One-time late night talk host Dick Cavett writes about welcoming John Cheever and John Updike as guests on his show in 1981. I remembered this incident recently in comments at Ann Althouse's blog. I couldn't find it on Youtube at the time of Updike's recent death. Cavett and the Times have posted it.
While Cavett's show seemed to drive Johnny Carson's Tonight Show to Hollywood and show-biziness as a way of defining and separating itself, it shouldn't be forgotten that even under Carson and before that, Jack Paar, late night talk shows once delved into depthy subjects. Paar interviewed people like Martin Luther King, Jr. Carson once spent an hour and a half on his show debating and demolishing the half-witted, inflammatory assertions of a conspiracy in the assassination of John F. Kennedy offered by New Orleans district attorney Jim Garrison in a Tonight Show interview. He also welcomed scientists, theologians, and politicians to talk with him, sandwiched between the stand-up comics, musicians, and actors that have always been standard late night fare.

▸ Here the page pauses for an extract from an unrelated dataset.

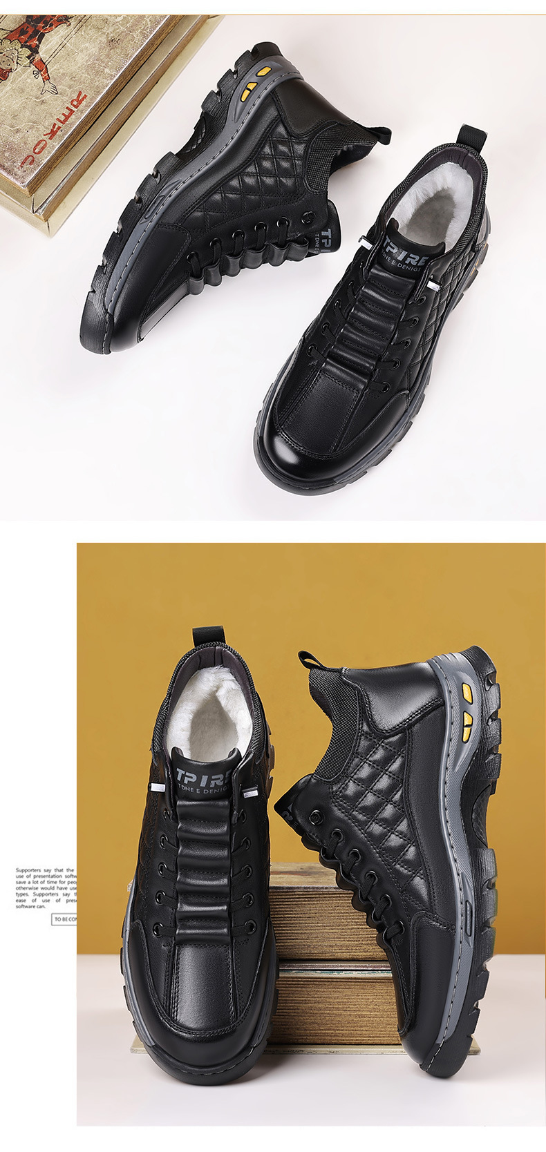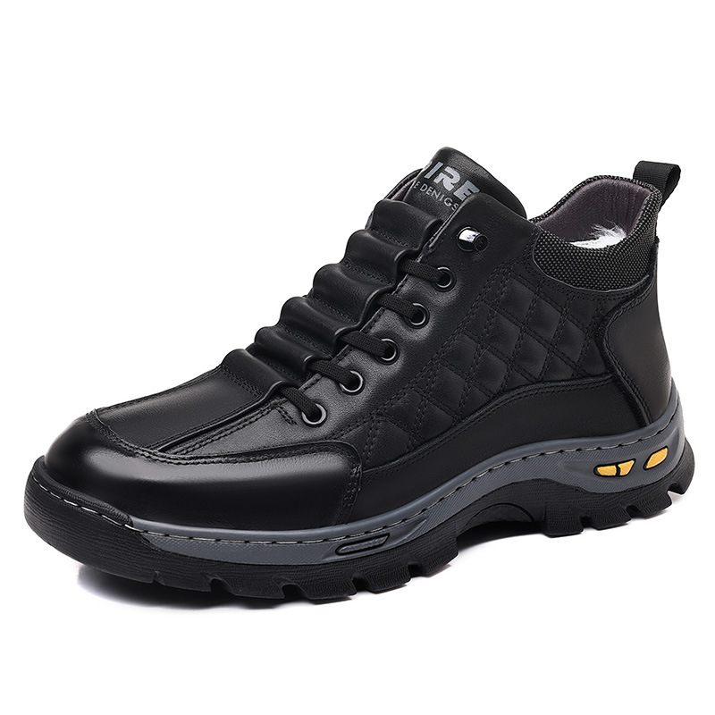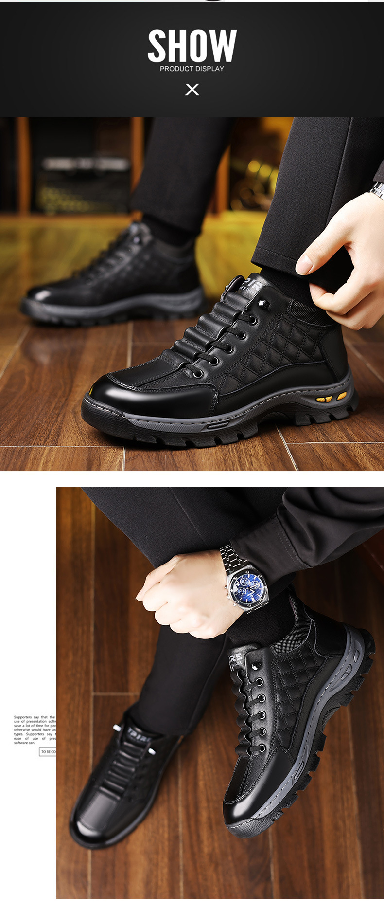 Giày ủng nam mùa đông với thiết kế cổ cao giữ ấm đôi chân tốt hơn. Sản phẩm có phần lót bên trong làm từ chất liệu mềm mại, tạo cảm giác êm ái và giữ nhiệt hiệu quả trong thời tiết lạnh. Kiểu dáng dễ mang, chỉ cần xỏ chân vào là vừa vặn, tiện lợi cho việc sử dụng hằng ngày. Phù hợp để đi dạo hoặc mặc kèm với nhiều loại trang phục trong những ngày đông giá. | Tên sản phẩm: Giày Thể Thao Tăng Chiều Cao Nam Chất Liệu Vải Bông Dày Ấm Hàng Mùa Xuân Thu Đông - Giày Dép Nam | Mã sản phẩm: B3471 - Giá: 1.020.000đ | Mã nhà sản xuất: WEDS-G03Hình ảnh sản phẩm

Cavett could be pretentious and wordy. (Not to mention nerdy and egregiously deferential to anyone he regarded as a legend.) But I might check out a late night talk show more than once every six months or so if we had a bit more meat amid the bread and circuses that we see with Letterman, Leno, and all. Leno, Letterman, O'Brien, and others of their ilk are smart people. No doubt about it. I just wish that they'd devote themselves and their shows to more than just making us laugh.
As I once heard an accomplished preacher say, "The opposite of entertainment is not education." Nor of erudition.
1 comment:
Consider watching The Daily Show & The Colbert Report, two of the most intelligent, funniest shows I've ever seen.